EXERCISE AIM:
What is needed is an exact repeat of the entries, with no pictures in it.

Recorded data
--------------------------------------------------

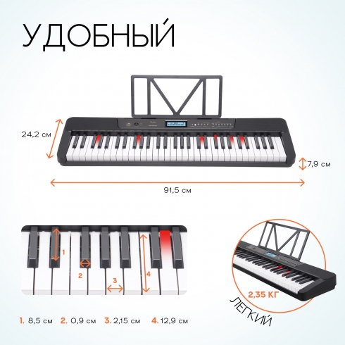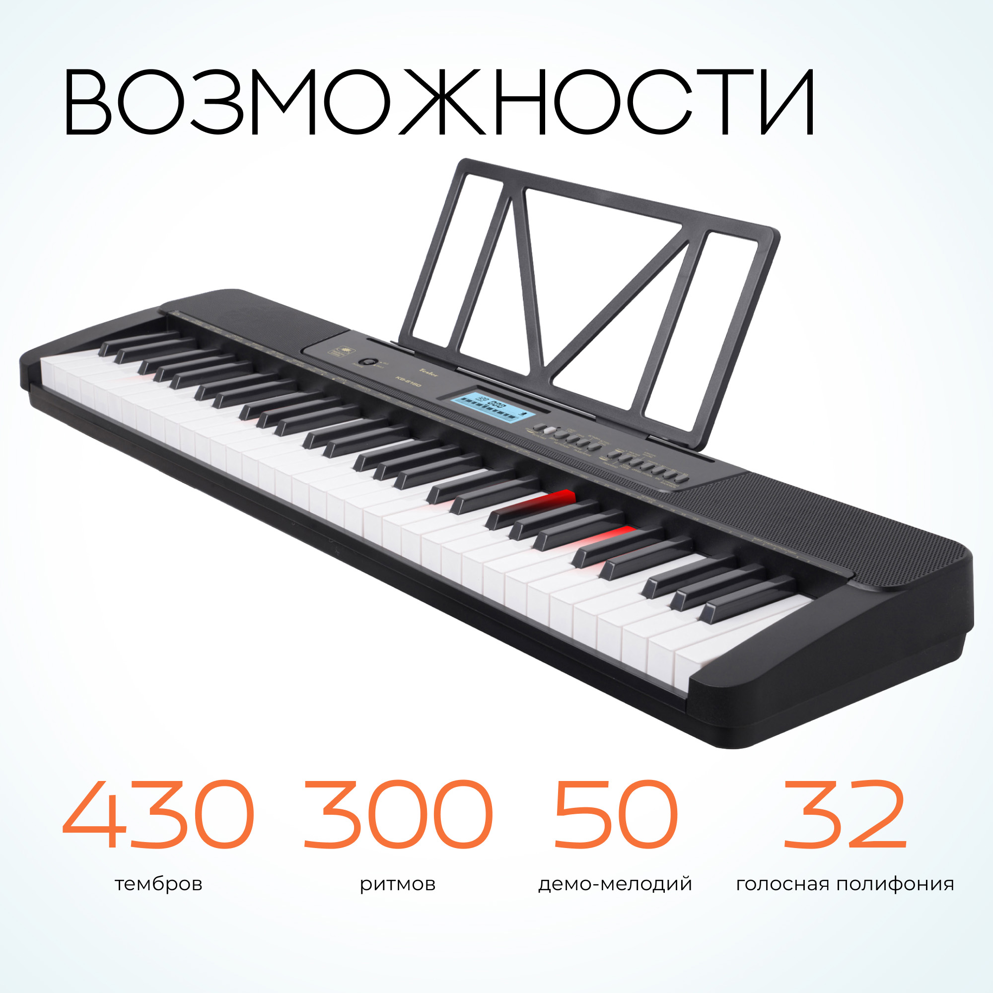 качественное звучание, 61 клавиша с подсветкой, 430 тембров, 300 ритмов;
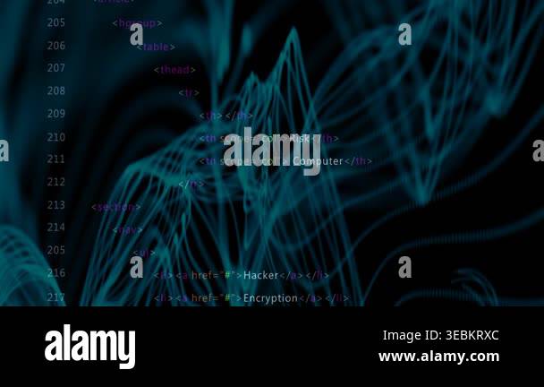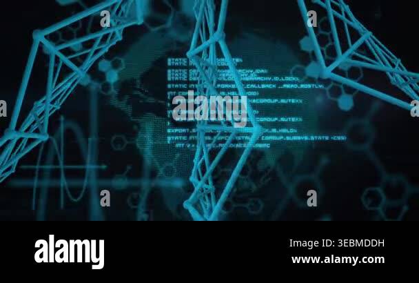 Camera shifting, cyan 3D lattice revealing dotted globe while code ...
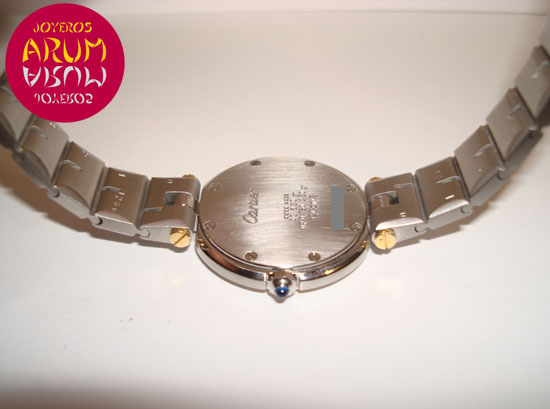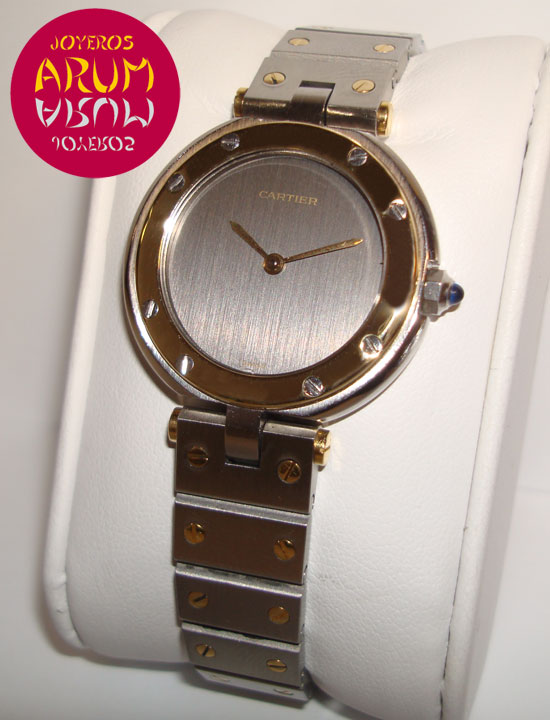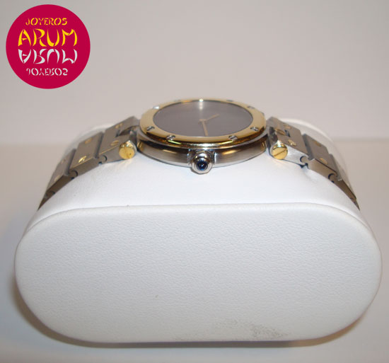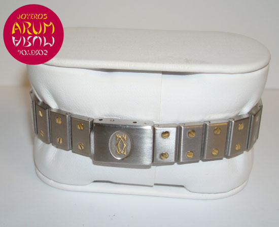 Description :lady’s watch, steel and yellow gold, screwed bezel, sapphire crystal, quartz movement, diameter 26 mm, crown decorated with spinel, steel strap, folding clasp.
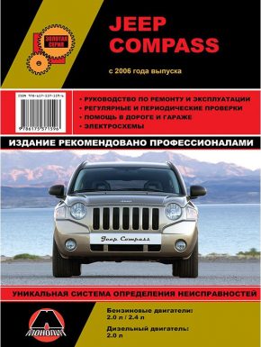 Практическое руководство по ремонту Jeep Compass, а также инструкция по эксплуатации и техническому обслуживанию автомобилей Джип Компасс с 2006 года выпуска, оборудованных бензиновыми двигателями рабочим объемом 2,0 л., 2,4 л. и дизельными двигателями рабочим объемом 2,0 л. Ремонт Джип Компас. Устройство, ТО, эксплуатация. Помощь в дороге и гараже. Электрические схемы.
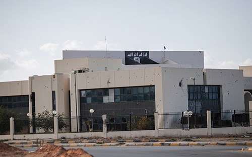 Cờ của IS tại một trung tâm hội nghị ở Sirte, Libya. Ảnh: The Telegraph
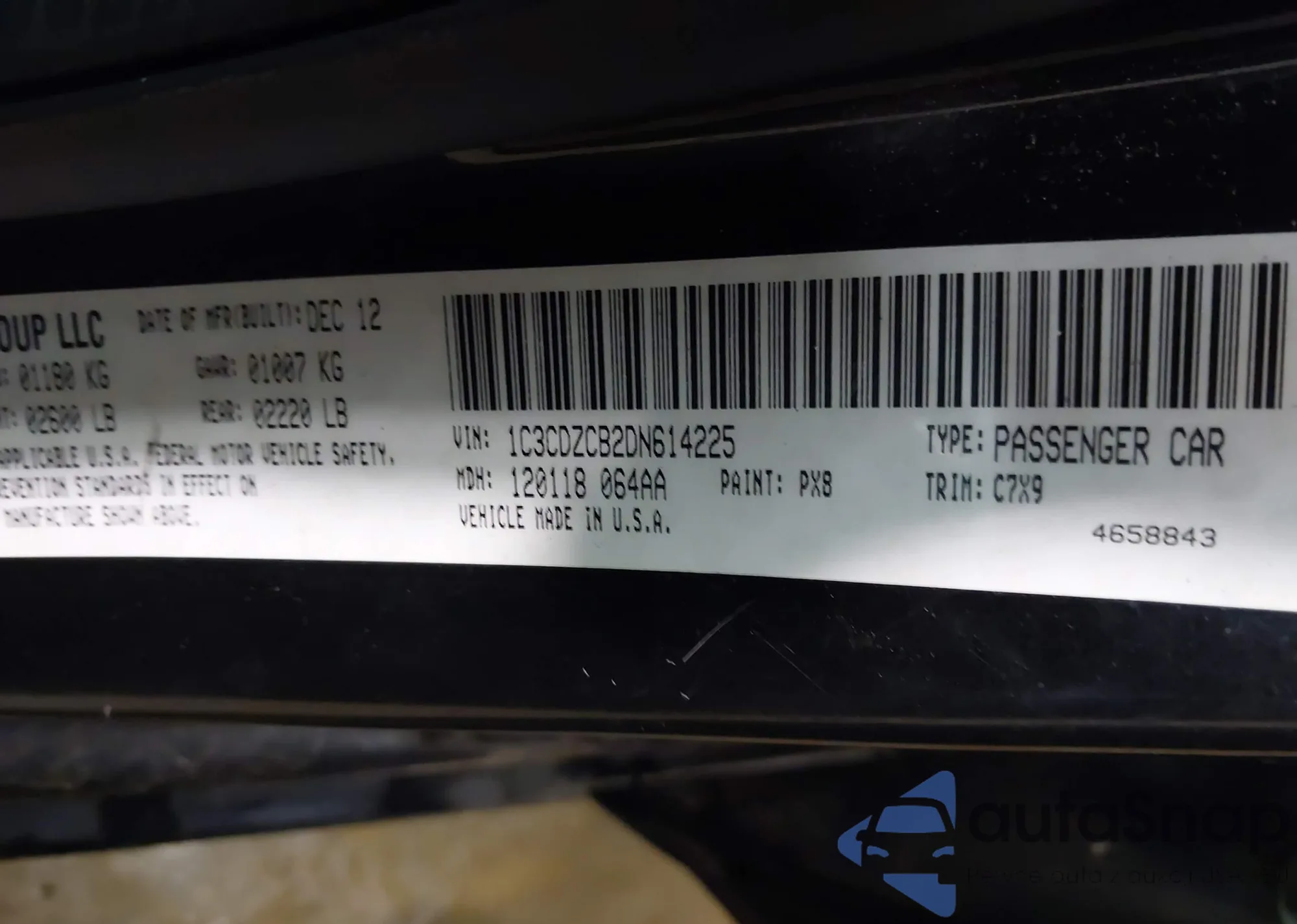 LOT: 42657308 VIN: 1C3CDZCB2DN614225
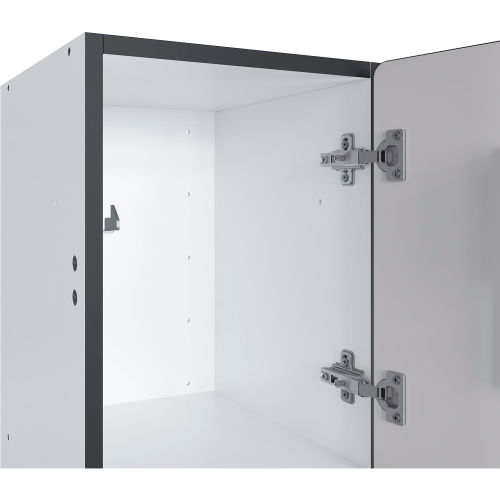 ✓ Lift-up hasp locking mechanism ✓ Carb II-compliant particleboard covered in durable laminate ✓ Durable and moisture-resistant steel base Elevate the look & feel of your locker room or changing room with this fully assembled 4-tier/4-door Global Industrial Wood Locker. Wood lockers give any space a natural warmth that presents a more comfortable and welcoming tone than standard metal lockers plus they are also quieter when they close. The body of the locker is made of 0.70" (18mm) thick Carb II-compliant particleboard covered in a durable high-pressure laminate with heavy-duty concealed steel hinges, and a lift-up hasp locking mechanism. What separates this Global Industrial wood locker from the competition is the durable, moisture-resistant steel base. Typical wood lockers carry the wood to the base, which can warp, peel, or buckle when exposed to persistent moisture such as gym or club locker rooms and spas. The steel base on this locker is designed to deliver elegant performance with a long service life. This version comes fully assembled in a gray color. Door edges are banded with PVC banding Locker doors are 12.0" wide x 0.70" deep Blank steel ID plates included for customization Optional color-matched gray end panel, #290630 available separately, to present a finished look Ideal for use in: Clubhouses & country clubs, spas & resorts, fitness centers & gyms, executive suites.

--------------------------------------------------

SOLUTION FOR THIS EXERCISE:
 качественное звучание, 61 клавиша с подсветкой, 430 тембров, 300 ритмов;
 Camera shifting, cyan 3D lattice revealing dotted globe while code ...
 Description :lady’s watch, steel and yellow gold, screwed bezel, sapphire crystal, quartz movement, diameter 26 mm, crown decorated with spinel, steel strap, folding clasp.
 Практическое руководство по ремонту Jeep Compass, а также инструкция по эксплуатации и техническому обслуживанию автомобилей Джип Компасс с 2006 года выпуска, оборудованных бензиновыми двигателями рабочим объемом 2,0 л., 2,4 л. и дизельными двигателями рабочим объемом 2,0 л. Ремонт Джип Компас. Устройство, ТО, эксплуатация. Помощь в дороге и гараже. Электрические схемы.
 Cờ của IS tại một trung tâm hội nghị ở Sirte, Libya. Ảnh: The Telegraph
 LOT: 42657308 VIN: 1C3CDZCB2DN614225
 ✓ Lift-up hasp locking mechanism ✓ Carb II-compliant particleboard covered in durable laminate ✓ Durable and moisture-resistant steel base Elevate the look & feel of your locker room or changing room with this fully assembled 4-tier/4-door Global Industrial Wood Locker. Wood lockers give any space a natural warmth that presents a more comfortable and welcoming tone than standard metal lockers plus they are also quieter when they close. The body of the locker is made of 0.70" (18mm) thick Carb II-compliant particleboard covered in a durable high-pressure laminate with heavy-duty concealed steel hinges, and a lift-up hasp locking mechanism. What separates this Global Industrial wood locker from the competition is the durable, moisture-resistant steel base. Typical wood lockers carry the wood to the base, which can warp, peel, or buckle when exposed to persistent moisture such as gym or club locker rooms and spas. The steel base on this locker is designed to deliver elegant performance with a long service life. This version comes fully assembled in a gray color. Door edges are banded with PVC banding Locker doors are 12.0" wide x 0.70" deep Blank steel ID plates included for customization Optional color-matched gray end panel, #290630 available separately, to present a finished look Ideal for use in: Clubhouses & country clubs, spas & resorts, fitness centers & gyms, executive suites.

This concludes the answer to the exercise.